### TASK STATEMENT
Using the material below, repeat exactly the lines from the one with "Boxes with teal" through the one with "белое, 220 В", ends included, without any images.

↓↓↓

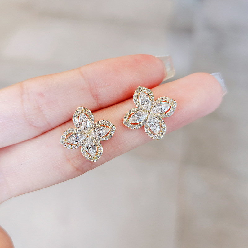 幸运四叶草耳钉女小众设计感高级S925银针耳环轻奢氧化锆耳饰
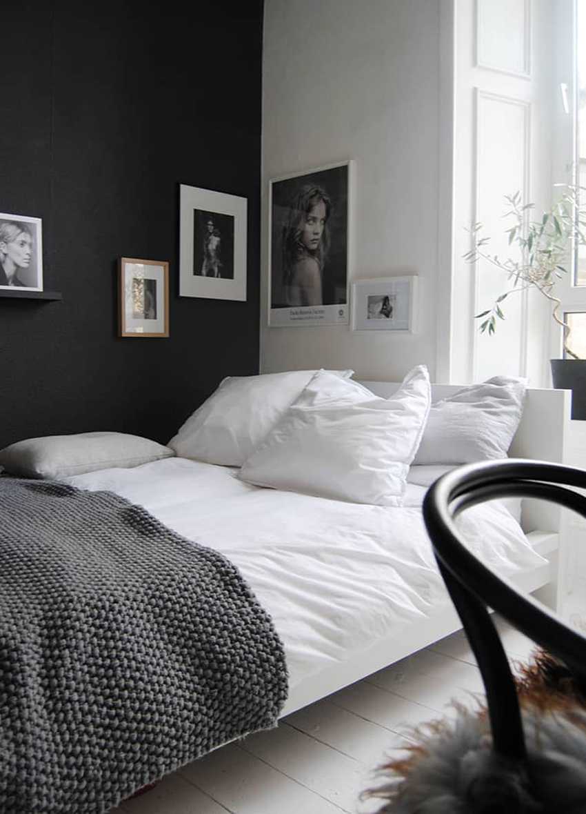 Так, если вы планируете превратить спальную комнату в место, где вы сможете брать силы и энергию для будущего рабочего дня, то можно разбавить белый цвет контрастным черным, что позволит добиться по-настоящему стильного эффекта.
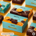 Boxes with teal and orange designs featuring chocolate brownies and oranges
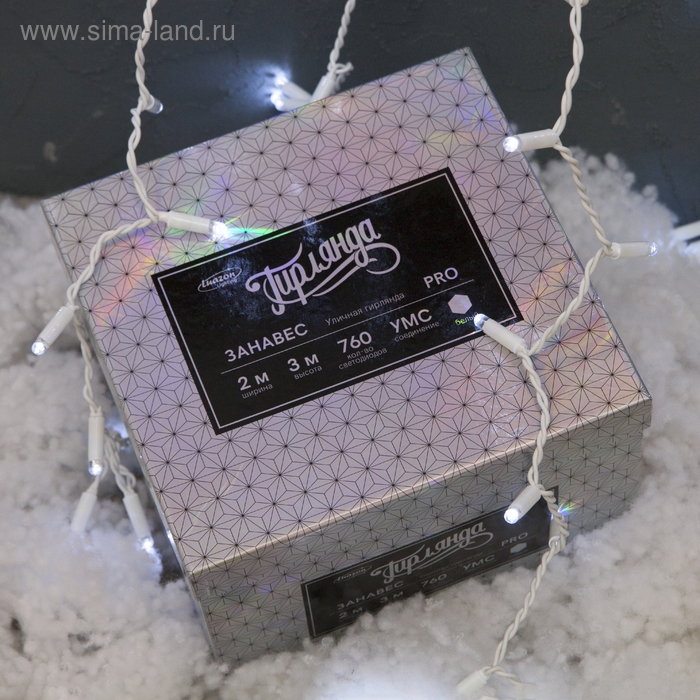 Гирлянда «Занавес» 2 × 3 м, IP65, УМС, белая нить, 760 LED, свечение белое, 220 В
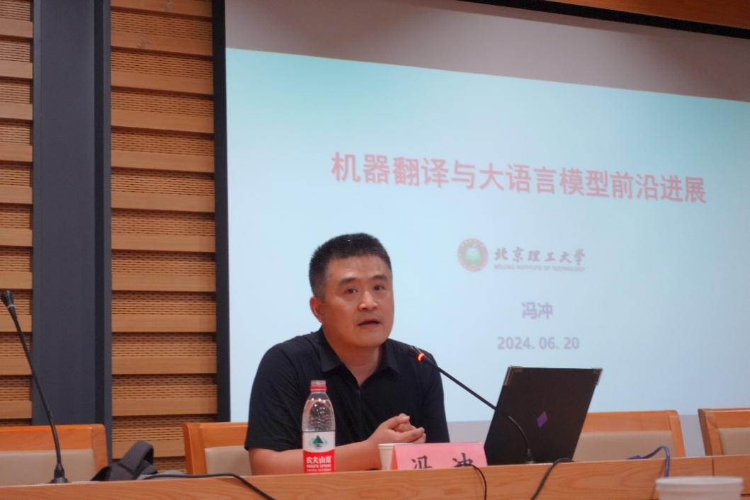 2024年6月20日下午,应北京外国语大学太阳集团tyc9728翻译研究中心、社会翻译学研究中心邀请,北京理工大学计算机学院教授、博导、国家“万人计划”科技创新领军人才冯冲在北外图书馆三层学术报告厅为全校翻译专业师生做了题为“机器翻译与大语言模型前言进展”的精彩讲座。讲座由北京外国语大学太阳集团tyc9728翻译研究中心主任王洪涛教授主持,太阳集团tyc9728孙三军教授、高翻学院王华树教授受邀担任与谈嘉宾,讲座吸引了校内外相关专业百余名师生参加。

↑↑↑

### ANSWER TO THE PROBLEM
 Boxes with teal and orange designs featuring chocolate brownies and oranges
 Гирлянда «Занавес» 2 × 3 м, IP65, УМС, белая нить, 760 LED, свечение белое, 220 В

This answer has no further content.